DATA BLOCK START

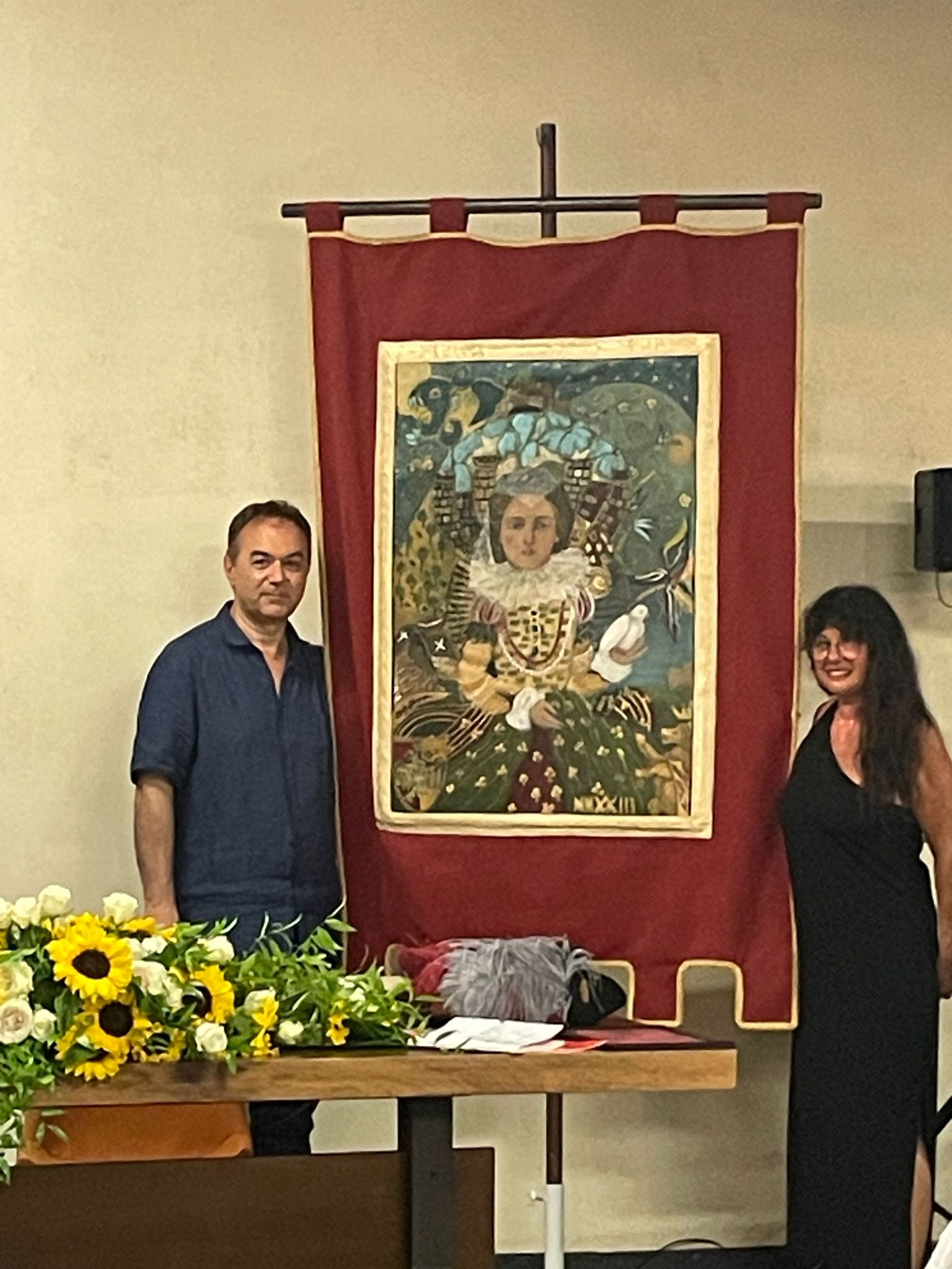 Nell’incantevole cornice del Forte dell’Annunziata, all’interno del MAR, domenica 16 con una cerimonia aperta al pubblico, si è svolto il secondo appuntamento dell’Agosto Medievale 2023 a tema: il Palio Marinaro della disfida – Il Corsaro Nero Signore di Ventimiglia …un abito da scoprire. L’occasione è stata quella di mostrare in anteprima alle Autorità presenti: Vice Sindaco Dott. Marco Agosta, Assessore Turismo Manifestazioni Cultura Sport Dott.ssa Serena Calcopietro, Consigliere Franca Bonadonna; Rappresentanti dei Sestieri e Cittadini, il Palio Marinaro (carbaso) un dipinto su tela, realizzato dall’artista contemporanea francese Cony Shesson, che verrà assegnato al vincitore della regata in programma il prossimo 6 agosto.
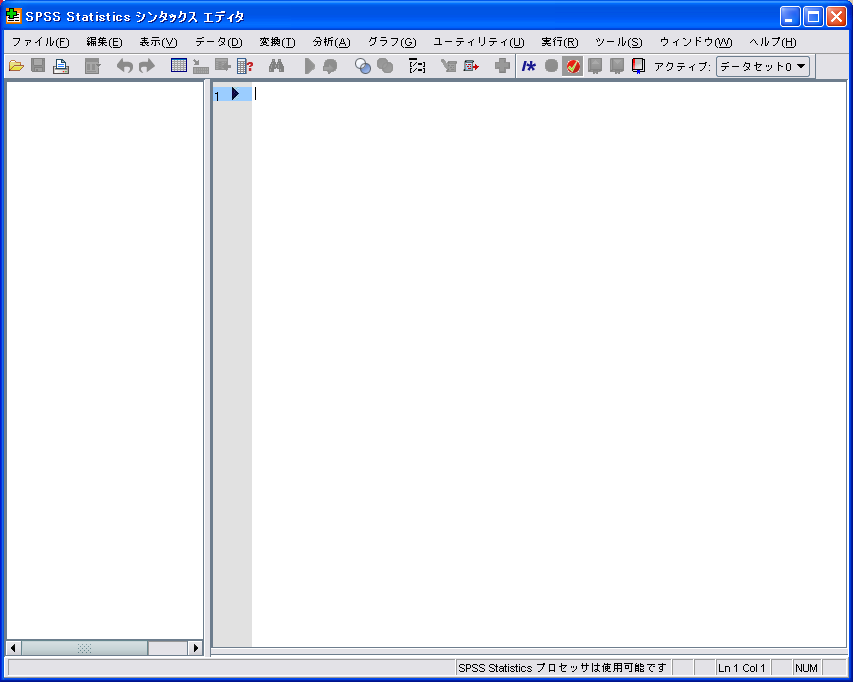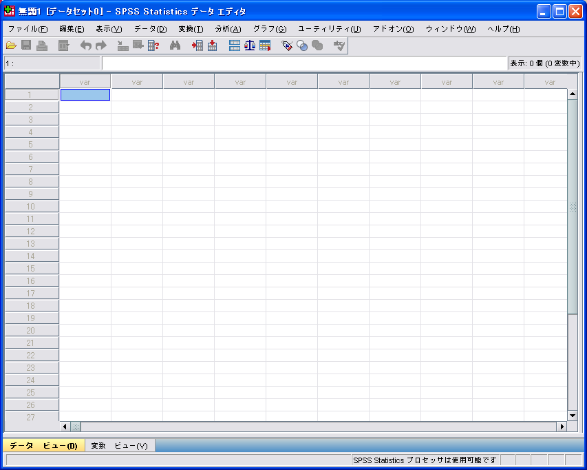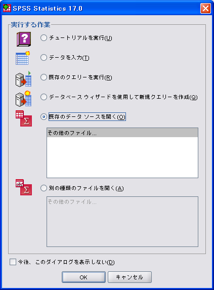 SPSS起動後、ダイアログが出るので[キャンセル]を押すと、データエディタ画面になる。
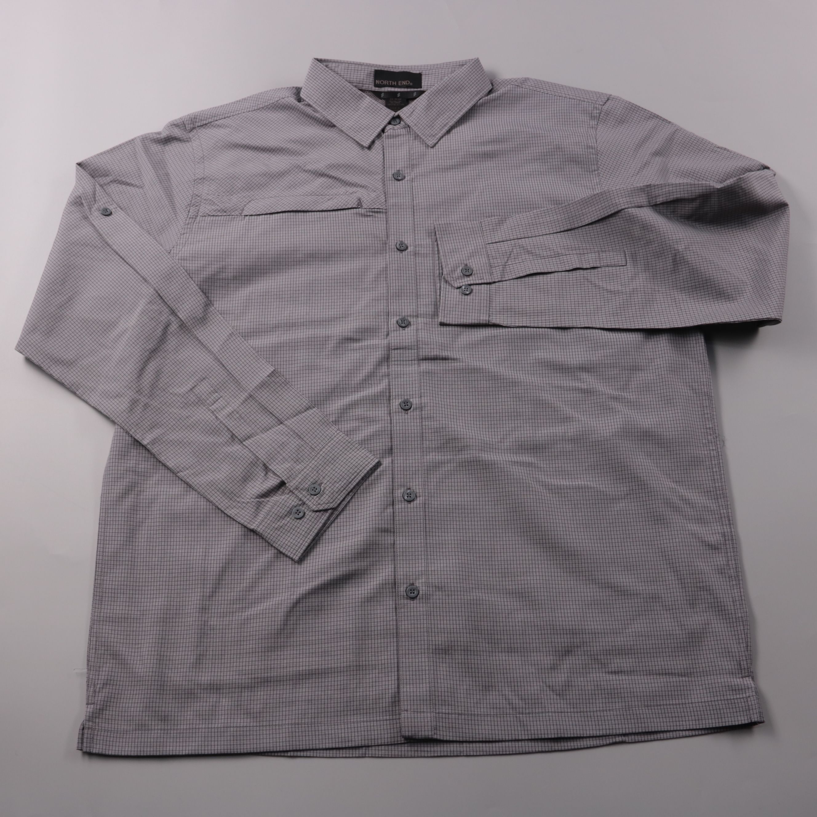 Мужская рубашка North End с длинным рукавом и застёжкой на пуговицы, в мелкую клетку серого цвета. Подойдёт для офиса и повседневных образов в прохладную или умеренную погоду. Смесовая ткань (вискоза/полиэстер) легче в уходе и быстрее сохнет.
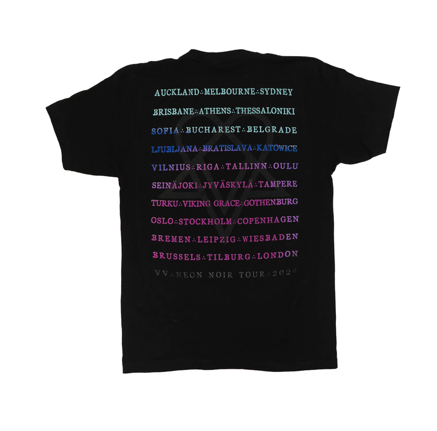 The VV Tour Tee showcases a striking design on the front and a comprehensive list of tour dates on the back. This tee is the perfect way to commemorate the VV 2024 EU tour.

DATA BLOCK END

* [TASK]:
Once the pictures are set aside, please output all the data word for word.

* [TASK SOLUTION]:
 Nell’incantevole cornice del Forte dell’Annunziata, all’interno del MAR, domenica 16 con una cerimonia aperta al pubblico, si è svolto il secondo appuntamento dell’Agosto Medievale 2023 a tema: il Palio Marinaro della disfida – Il Corsaro Nero Signore di Ventimiglia …un abito da scoprire. L’occasione è stata quella di mostrare in anteprima alle Autorità presenti: Vice Sindaco Dott. Marco Agosta, Assessore Turismo Manifestazioni Cultura Sport Dott.ssa Serena Calcopietro, Consigliere Franca Bonadonna; Rappresentanti dei Sestieri e Cittadini, il Palio Marinaro (carbaso) un dipinto su tela, realizzato dall’artista contemporanea francese Cony Shesson, che verrà assegnato al vincitore della regata in programma il prossimo 6 agosto.
 SPSS起動後、ダイアログが出るので[キャンセル]を押すと、データエディタ画面になる。
 Мужская рубашка North End с длинным рукавом и застёжкой на пуговицы, в мелкую клетку серого цвета. Подойдёт для офиса и повседневных образов в прохладную или умеренную погоду. Смесовая ткань (вискоза/полиэстер) легче в уходе и быстрее сохнет.
 The VV Tour Tee showcases a striking design on the front and a comprehensive list of tour dates on the back. This tee is the perfect way to commemorate the VV 2024 EU tour.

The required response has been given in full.